Musolino, affiancato dai vertici investigativi, ha sottolineato come l’operazione sia il frutto di un lavoro investigativo certosino, iniziato dal Procuratore Giovanni Bombardieri e Paolo D’Ambrosio e proseguito con una serie di integrazioni, culminate in misure cautelari personali e patrimoniali. Un attacco coordinato, dunque, che ha colpito non solo gli uomini del clan, ma anche i loro patrimoni e il sistema economico deviato che li sosteneva.

Ma è sul piano sociale che arriva la riflessione più amara: «Quello che si può registrare – ha detto Musolino – è una mollezza del tessuto sociale gioiese. Sia sul versante imprenditoriale che su quello cittadino. Una permeabilità pericolosa, che come cittadino e come pubblico ministero non posso non rilevare con preoccupazione».
Parole che smascherano una città incapace di reagire, o peggio, rassegnata. Mentre il boss “Facciazza”, tornato dal 41 bis, si riappropriava del suo ruolo di comando, l’intero territorio non ha mostrato né resistenza né indignazione. Anzi, afferma Musolino, «è stato subito riconosciuto quale vertice assoluto», come se il tempo si fosse fermato.

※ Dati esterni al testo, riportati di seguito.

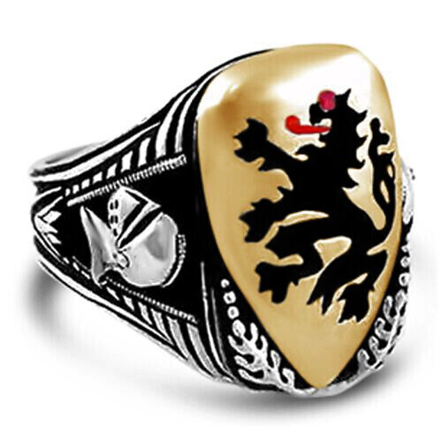 Tudor lion Bronze Shield sterling silver ring
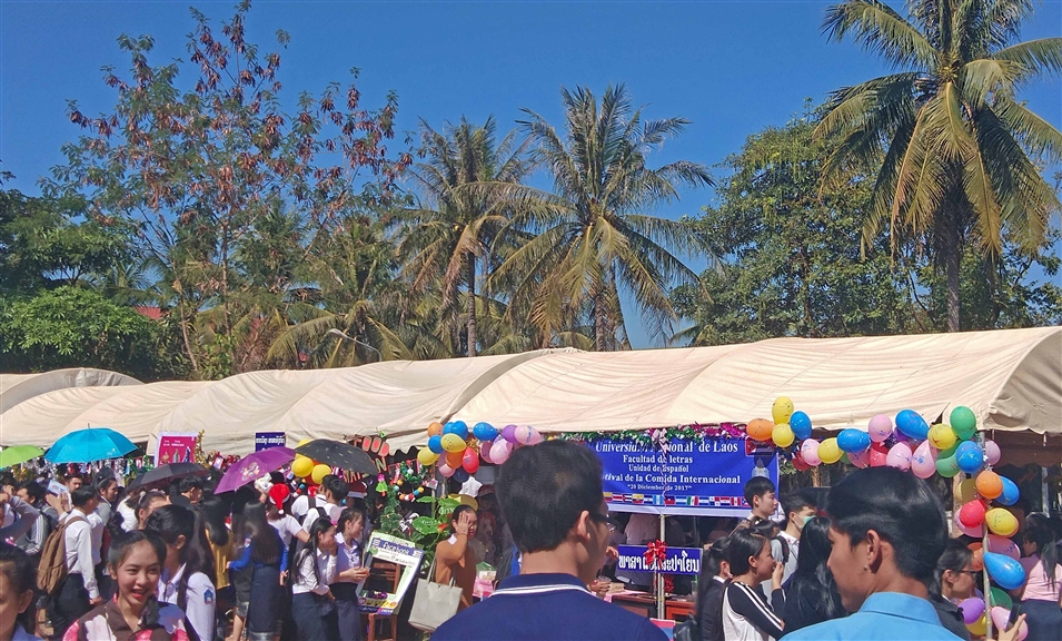 2018年12月26日上午,老撾國立大學(xué)文學(xué)院美食活動正式開始,現(xiàn)場人山人海。

Nel mirino anche il Comune di Gioia Tauro, reo – secondo il magistrato – di aver emesso un comunicato stampa «inutile e vuoto», incapace di esprimere una reale presa di posizione. «Spero – ha aggiunto – che il Comune, dopo aver letto gli atti processuali, possa prendere maggiore coscienza di quelli che sono alcuni problemi che stanno dentro la società gioiese».
Il procuratore ha poi ricordato il valore delle indagini coordinate da Giovanni Bombardieri e il ruolo della Procura di Reggio Calabria, che con l’arrivo del procuratore Borrelli ha potenziato la capacità d’azione, puntando su un’analisi profonda dei fenomeni criminali e sociali.


L’inchiesta, infatti, ha messo a nudo un sistema in cui la criminalità organizzata agisce con sistematicità, intervenendo persino nelle aste giudiziarie, con l’obiettivo di tenere il controllo di ogni leva economica del territorio. La scelta della Procura di rendere pubblico il provvedimento cautelare è un ulteriore gesto di trasparenza, che punta a stimolare la riflessione pubblica.
Quello che emerge dalle parole del magistrato non è solo l’esito di un’indagine, ma il grido di allarme di uno Stato che lavora, sì, ma che non può e non deve restare solo. L’auspicio – e l’appello – è che la società civile, le istituzioni locali, gli imprenditori e i cittadini non si voltino ancora una volta dall’altra parte. Perché – come ha ricordato Musolino – «il lupo può tornare solo se nessuno ha il coraggio di fargli fronte».